Her poops are better than the 1st one she did from her previous food.

Raw food seem to be no problem added, but cocked foods dont mix well.

You can get 2 15kg bags delivered for one delivery charge. Order on a Monday usually arrives by Thurs /Friday.

You will probably find you have a local stockist, usually some one who works from home. They have to carry a large range, and give free samples.

Unfortunately they do go out of stock of items at times and you have to order direct , still cheaper than the expensive brands. Brook is on Hi Lost , although he does just as well on a value brand when I forget to order.

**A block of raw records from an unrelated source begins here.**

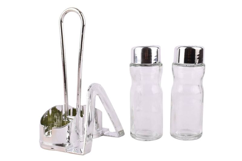 Set salero pimentero 2 pz de vidrio con tapa metálica. Ideal para sazonar tus comidas en la mesa o cocina. Cómpralo en Ferniplast.com
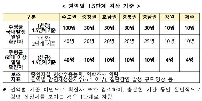 권역별 중증환자 병상 여력을 고려해, 주평균 국내발생 일일 확진자가 수도권 100명 이상, 충청·호남·경북·경남권 30명 이상, 강원·제주도는 10명 이상일 경우 해당 권역을 1.5단계로 올리게 된다.
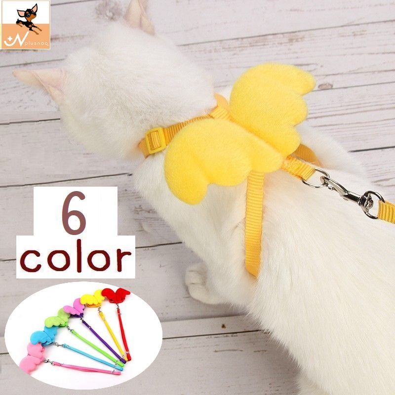 ハーネスリードセット 2点セット 猫用ハーネス 猫用品 ペット用品 胴輪 天使の羽付き 無地 サイズ調節可能 ワンタッチバックル かわいい お散歩 お
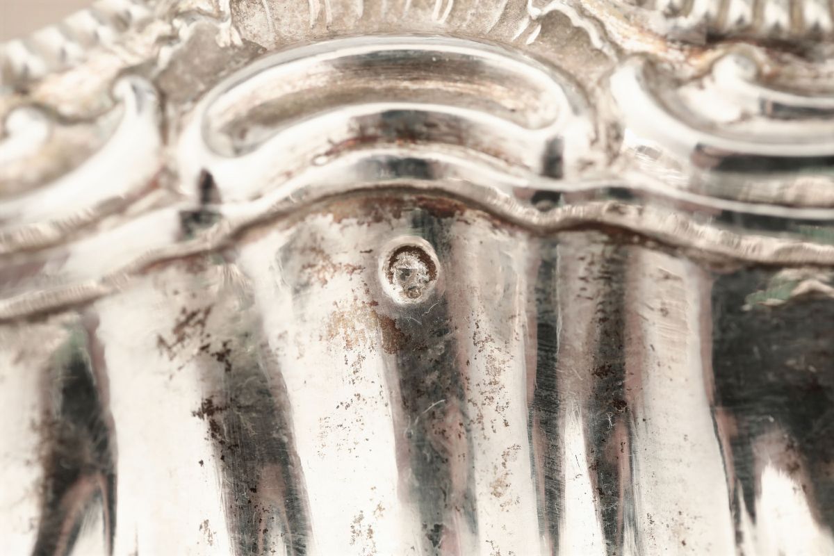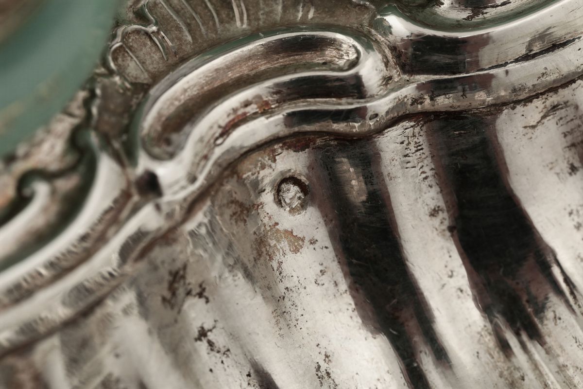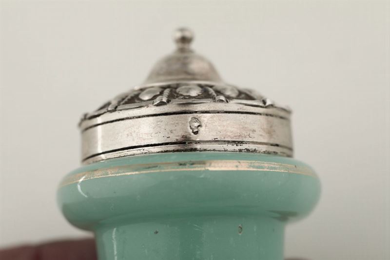 Molten, embossed and chiselled silver and coloured opaline glass. Title stamps. 15x14x7.5cm
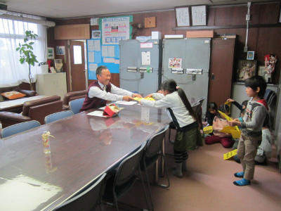 豊野地区の見守り隊から、通学班長・副班長として活躍してくれた6年生の卒業を祝って、ガーベラをいただきました。

http://www.csjk9.com/productcart/pc/viewCategories.asp?pageStyle=p&ProdSort=19&page=2&idCategory=4

Mrs Hobbsy


----------



## cooperman (Oct 26, 2010)

We went ahead with this food after research and are so glad we did. No complaints whatsoever, you are paying quite a lot though at £17. We went on the csj website found a distributor that is approx 8miles from us she sells at £13 for 15kg little champ, try that'll do variety also excellent...


----------



## Gingernutter (Dec 4, 2011)

I'll take a look for the local stockist, thanks for that info. I still can't believe how good the food is and how cheap with it!!


----------



## adrino (Mar 31, 2012)

Hello all! 

We picking up our samples from CSJ tmrrw morning. Im looking forward to see what they have sent since Elza has been having softish poopoos for a while. Originally she was on Royal Canine but at 8 1/2 months old she already had colitis 3 times so I figured she needs a hypoallergenic food or one for sensitive digestive system. She had to have a special dry kibble from the Vet for a while then I put her on James Wellbeloved fish&rice. 
She started to have wind again... :-\ but seems happy to eat that compared to RC. Her poopoos slowly getting better but still not the same as they were 2-3 months ago. 

Which CSJ food you all use or suggest to use? There are some herbs too to purchase. Have you tried any of it?


----------



## Gingernutter (Dec 4, 2011)

Mylo is on adult champ and no problems. I got a few samples of the stockist with my last order and he really liked the tripe kibble, they didn't smell either really. He wasn't fussed with the herb ones at all really.


----------